We have a third-party search engine that will crawl the pages in AEM, index them, and then provide the search results. There are a few pages that are behind authentication. We would need the crawler to crawl these pages. We can achieve this by skipping the SAML authentication for these pages. I tried to write some Servlet Filters, so that, the request will come to Filter before authentication.

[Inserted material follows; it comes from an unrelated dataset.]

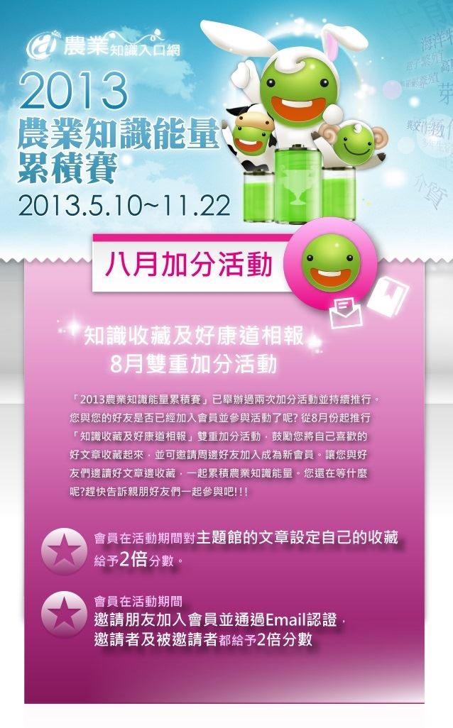 「2013農業知識能量累積賽」已舉辦過兩次加分活動並持續推行。您與您的好友是否已經加入會員並參與活動了呢? 從8月份起推行「知識收藏及好康道相報」雙重加分活動,鼓勵您將自己喜歡的好文章收藏起來,並可邀請周邊好友加入成為新會員。讓您與好友們邊讀好文章邊收藏,一起累積農業知識能量。您還在等什麼呢?趕快告訴親朋好友們一起參與吧!!!

As per https://github.com/Adobe-Consulting-Services/acs-aem-samples/issues/63 this feature no more works in the latest AEM versions. I am looking for a better solution.
Update:- When I say behind authentication, it is the OOTB Authentication Enabled checkbox in the page properties.
1. Third-party Search engine will crawl the pages.
2. It will have an identifier in the User Agent which will allow us to identify if the request is from the crawler or not.
3. If the User Agent has the identifier, I need to skip the SAML Authenticator and allow the Service to crawl the page.
4. If the User Agent does not have the identifier, send the request to SAML Authentication.
My initial thought was to write a Filter and achieve this, but it doesn't seem to be working. Any help is appreciated. If you need more information, I can provide the same.
Solved! Go to Solution.
I think you can try to have Rewrite option in the dispatcher by allowing and blocking the useragent.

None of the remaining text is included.